*Exercise brief*: If a line below falls between the line with "Plate (12). Sunt ( A. nilotica ) Saw logs" and the line with "8014 - Mittelgrau", or is one of those two, output it exactly; output nothing else and no pictures.

[Dataset excerpts]

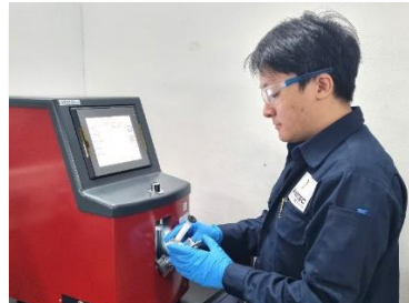
FAME CONTENT ANALYSER
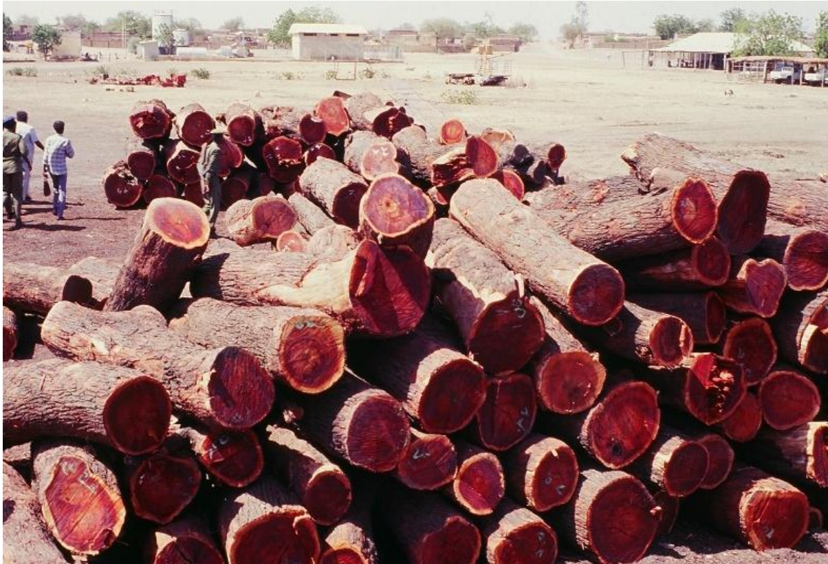
Plate (12). Sunt ( A. nilotica ) Saw logs
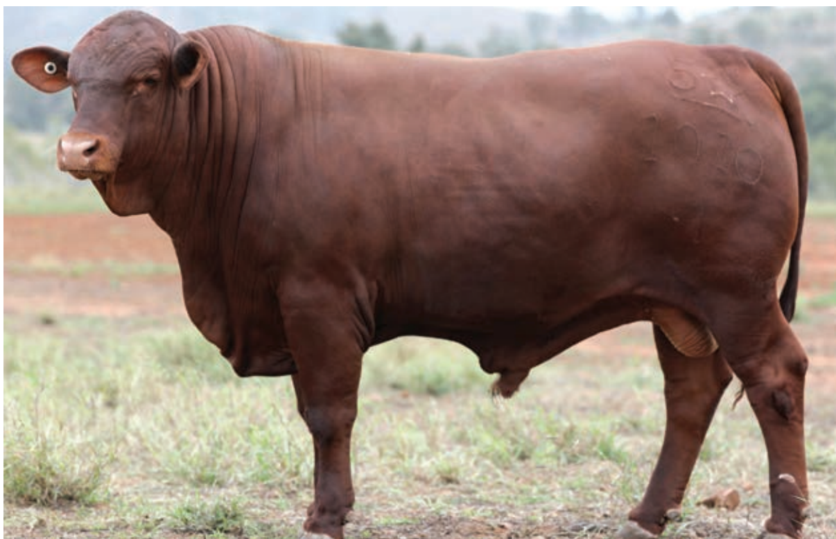
5 STAR 211010

Low birth wt EBV, AMD Grand Sire on the Dam Line, is 13-22. Not a surprise, to see 1010, was sired by a Yearling Bull out of a yealing conceived Dam! 38cm Scrotal, with 95% Motility with 87% Morphology.
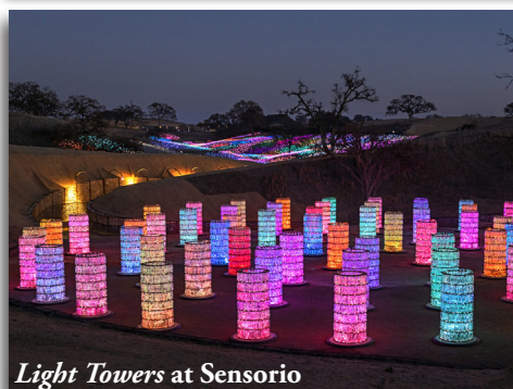
Light Towers at Sensorio
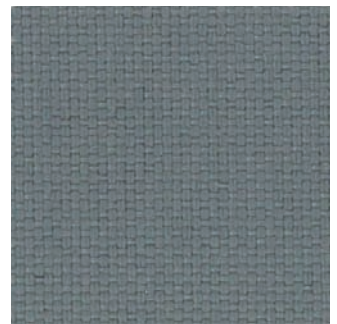
8014 - Mittelgrau
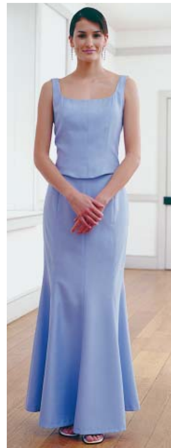
Misses' skirt and tops. Fitted flared skirt has eight panels, zipper at side seam, and waist is finished with facing. View A top is very close fitting with princess line seams, has shaped hemline, separating zipper at side seam and is lined. View B and C bustiers are very close fitting, have boning in front panel, back panel and right side seams, left side seam has a separating zipper. View C has decorative eyelets with ribbon at back.
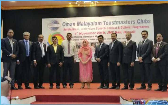
MALAYALAM TOASTMASTERS CLUB

*Result of this exercise*:
Plate (12). Sunt ( A. nilotica ) Saw logs
5 STAR 211010

Low birth wt EBV, AMD Grand Sire on the Dam Line, is 13-22. Not a surprise, to see 1010, was sired by a Yearling Bull out of a yealing conceived Dam! 38cm Scrotal, with 95% Motility with 87% Morphology.
Light Towers at Sensorio
8014 - Mittelgrau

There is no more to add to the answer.